I am also looking for a solution that would not involve loading any extra module, so if possible it should be done with builtins only. And if possible, it should be as concise as this for example:
my #result = map function #array;
You say you don't want a module, but this is exactly what the first function in List::Util does. That's a core module, so it should be available everywhere.
use List::Util qw(first);
my $first = first { some condition } #array;
If you insist on not using a module, you could copy the implementation out of List::Util. If somebody knew a faster way to do it, it would be in there. (Note that List::Util includes an XS implementation, so that's probably faster than any pure-Perl approach. It also has a pure-Perl version of first, in List::Util::PP.)

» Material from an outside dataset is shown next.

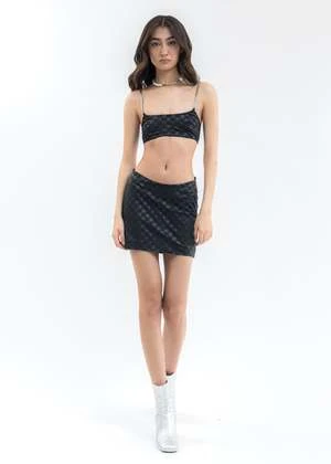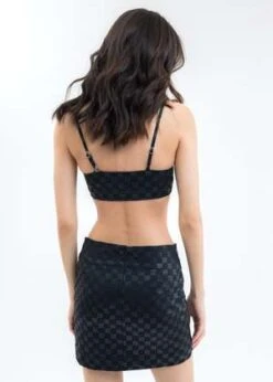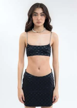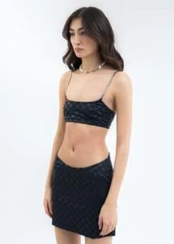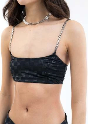 Slim fit monogram print stretch bralette in black. Paneled construction. Silver-tone cuban link shoulder straps. Finished with tonal stitching throughout. Adjustable shoulder straps.

Note that the value being tested is passed to the subroutine in $_ and not as a parameter. This is a convenience when you're using the first { some condition} #values form, but is something you have to remember if you're using a regular subroutine. Some more examples:
use 5.010; # I want to use 'say'; nothing else here is 5.10 specific
use List::Util qw(first);
say first { $_ > 3 } 1 .. 10; # prints 4
sub wanted { $_ > 4 }; # note we're using $_ not $_[0]
say first \&wanted, 1 .. 10; # prints 5
my $want = \&wanted; # Get a subroutine reference
say first \&$want, 1 .. 10; # This is how you pass a reference in a scalar
# someFunc expects a parameter instead of looking at $_
say first { someFunc($_) } 1 .. 10;
Untested since I don't have Perl on this machine, but:
sub first(\&#) {
my $pred = shift;
die "First argument to "first" must be a sub" unless ref $pred eq 'CODE';
for my $val (#_) {
return $val if $pred->($val);
}
return undef;
}
Then use it as:
my $first = first { sub performing test } #list;
Note that this doesn't distinguish between no matches in the list and one of the elements in the list being an undefined value and having that match.
Just since its not here, a Perl function definition of first that localizes $_ for its block:
sub first (&#) {
my $code = shift;
for (#_) {return $_ if $code->()}
undef
}
my #array = 1 .. 10;
say first {$_ > 5} #array; # prints 6
While it will work fine, I don't advocate using this version, since List::Util is a core module (installed by default), and its implementation of first will usually use the XS version (written in C) which is much faster.